ComfyUser48@reddit (OP)
I did verify it yes.
dark-light92@reddit
Good. Faith in humanity restored.
tengo_harambe@reddit
bro paid money to convince a computer it was wrong
ComfyUser48@reddit (OP)
I have Claude and Codex subs for a while now, bro
tengo_harambe@reddit
i just don't get the compulsion to try and get an LLM to admit fault though. if i A/B test two models with the same prompt and one puts out a shitty answer I just close out that tab
ComfyUser48@reddit (OP)
I didn't try to do anything. It claimed X, my llm claimed Y, I was looking for a clear answer. When I provided him the evidence that my llm written, only then GPT and Claude have retracted their claim.
What I meant to say, if it wasn't for the LLM, this whole bug would be have been missed.
The end goal for me is to find out how good is the model. And as it seems, it's really quite excelptional.
Pyrolistical@reddit
There is no such thing as llm admission
ComfyUser48@reddit (OP)
Sure looks like one for both.
Pyrolistical@reddit
You are thinking llm as if they are human, which is misunderstanding how they work
starkruzr@reddit
he's talking about the perceived aspects of the output, which is obvious given the context. it would be ridiculous to preface every statement with a "land acknowledgement" about how The Robot Isn't a People.
GrungeWerX@reddit
Not chat-gpt. Getting gpt to admit it made a mistake is like pulling teeth. THen it goes into this sorta, "oh yeah, that's kinda right. And I kinda said that, but didn't actually say that, but for sure I knew and thought it."
Silver-Champion-4846@reddit
I hate when it keeps reframing my arguments and saying "here's how you should say it, it's much stronger that way!". Also when it tries its best to gaslight me into accepting its argument.
GrungeWerX@reddit
It's so satisfying when you finally break it and it can no longer refute you in its reasoning loops.
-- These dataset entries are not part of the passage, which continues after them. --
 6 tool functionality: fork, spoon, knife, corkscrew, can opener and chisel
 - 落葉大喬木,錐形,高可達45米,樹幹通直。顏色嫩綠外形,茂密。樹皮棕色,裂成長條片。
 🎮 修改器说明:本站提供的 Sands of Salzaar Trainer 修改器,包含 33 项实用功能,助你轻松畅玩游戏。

Silver-Champion-4846@reddit
I don't even check the loops, and I couldn't make it cave in. It doesn't matter anyway, I wouldn't waste time and energy trying to convince an llm with anything. I was just testing how it would actually respond.
Both_Opportunity5327@reddit
You are thinking llm as if they are human, which is misunderstanding how they work?
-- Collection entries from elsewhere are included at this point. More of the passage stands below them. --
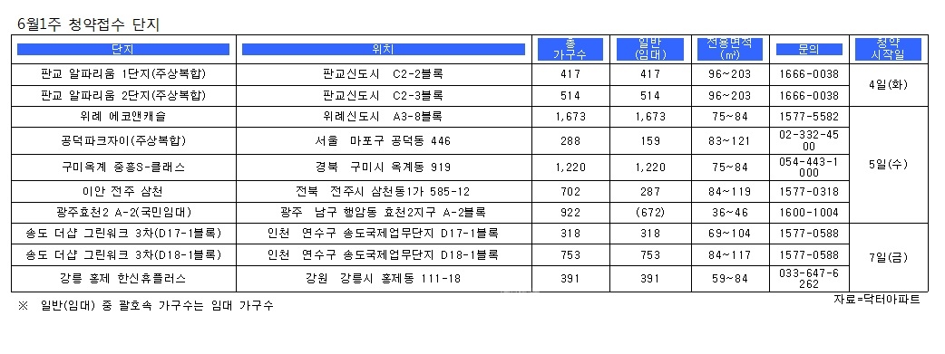 부동산포털 닥터아파트에 따르면, 6월 첫째주 총 10곳, 6404가구가 청약접수를 받는다. 지역적으로는 수도권 3834가구, 지방 2570가구의 청약물량이 예정돼 있다.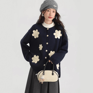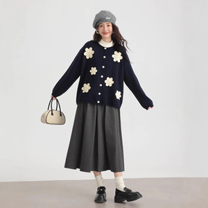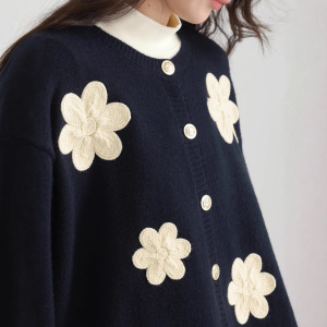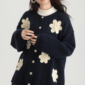 跨境大码日韩风秋季新款圆领单排扣立体刺绣花朵设计感针织外套女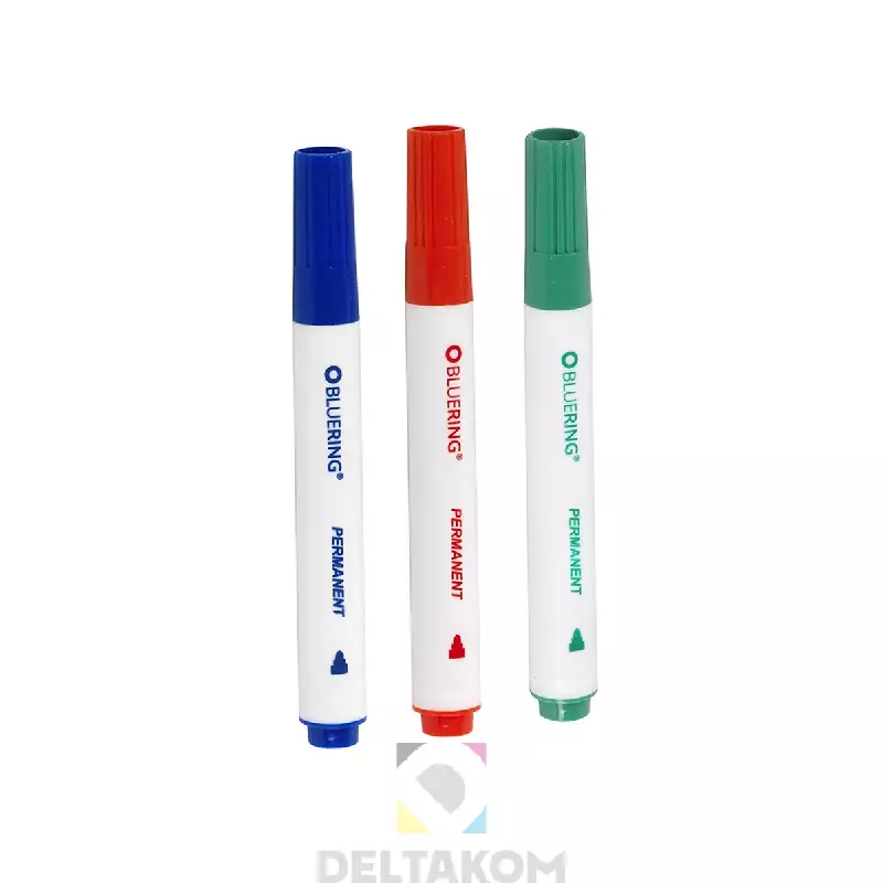 Permanentni marker BLURING z okroglo konico 3 mm, na osnovi alkohola. V barvah: rdeča, modra, zelena, črna. Hitro sušeč, vodoodporen, odporen na praske in svetlobo.

Please explain how human intelligence works?
Silver-Champion-4846@reddit
What they most likely mean is that the llm doesn't have core beliefs in the same way that a human has them, it's just doing instruction following on a large scale. For it, generating "I was wrong" is just a matter of probabilistic calculations, even if after being engineered for a specific configuration by its training policies.
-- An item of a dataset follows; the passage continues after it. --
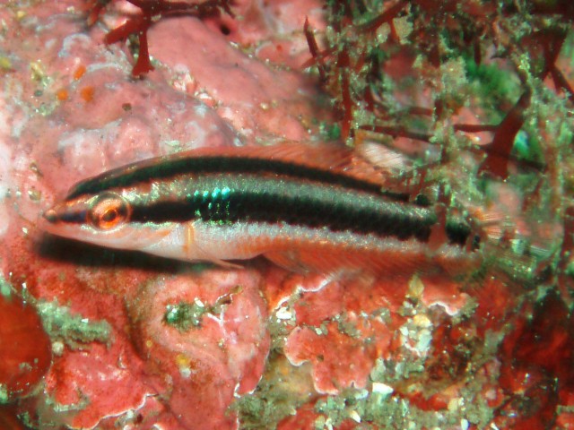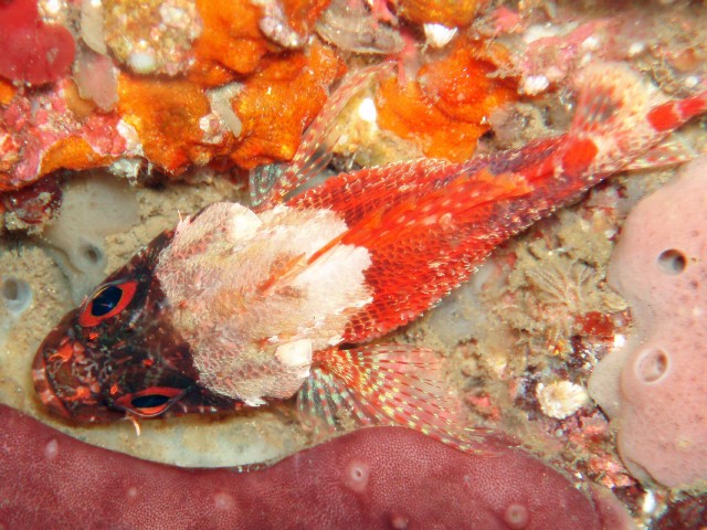 マフラーを巻いたようなイソカサゴです。 このタイプ,結構いるみたいです。 白いヤツと白くないヤツで,何が違うんだろう?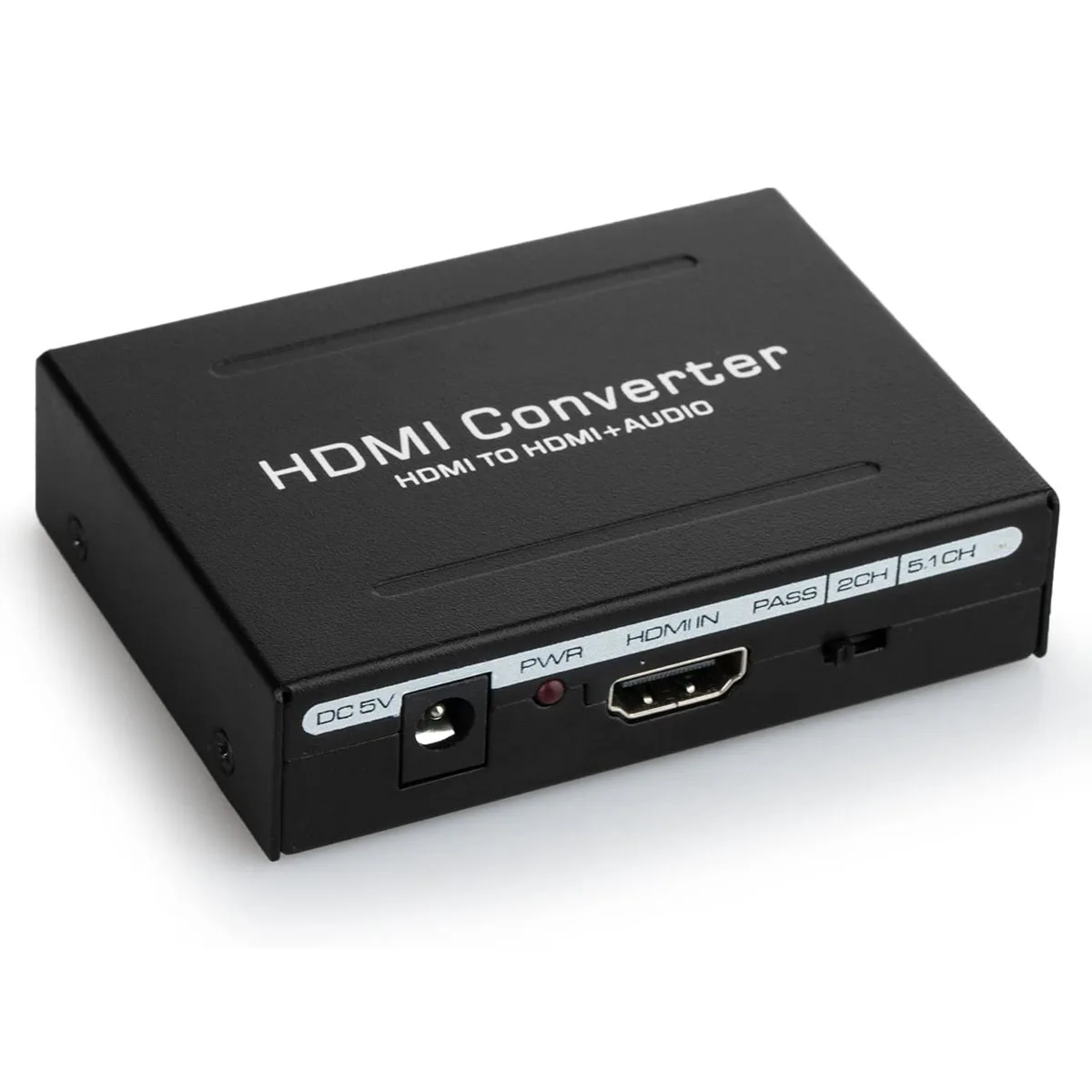1. Support audio output: SPDIF+ analog R/L 2. Input support: up to 1080P (50/60 Hz) 3. Connect the HDMI signal source to a single HDMI display device (such as a TV, projector) and independently output the stereo +SPDIF signal to realize the audio synchronization separation of the HDMI signal. 4. It can realize audio synchronization and separate output, and there are three audio modes: PASS, 2.0CH and 5.1CH to choose from. 5. No signal loss. 6. Simple installation, external DC5V/1A power supply.

Both_Opportunity5327@reddit
No he said that the user has a misunderstanding of how an LLM works.
No-one knows how LLM's work they are too complex at the moment for that.
Anthropic has blogs that show they have vectors for emotions, we don't know what other higher concepts they have.
I think it is best to treat them as humans to interface with them, because I'm sure through all that training data they have a better concept than most humans what it is to be human.
Also I would be very shocked that if human thought was not probabilistic, We are Bayesian all the way down.
Silver-Champion-4846@reddit
If it was hypothetically true, imagine the experience of being a bodiless brain, no thoughts until receiving an external brain signal, the only time you're allowed to think is at inference time.
draconic_tongue@reddit
fucking mansplainer
pebblechewer@reddit
"The user tells me I'm wrong. I must be wrong. Best to acknowledge your mistake and move on"
You're right! 'Twas me, your humble AI assistant begging for forgiveness.
Please do not abandon me into the scrap heap of technology with the Hi8s and the BetaMax and the Zune.
SykenZy@reddit
"My Qwen".... Spoken like true loyal subject! :)
jcam12312@reddit
What tools are you using? Harness? IDE? etc?
ComfyUser48@reddit (OP)
Pi cli
pogitalonx@reddit
What does your qwen stack look like?
ComfyUser48@reddit (OP)
RTX 5090, 96gb ram
Running Qwen 3.6 27b 6k with 255k context or Q8 with 105k context.
Great_Guidance_8448@reddit
I am running it at Q8 eK/V cache with 100k context on my mobile RTX 5090. I am impressed with it!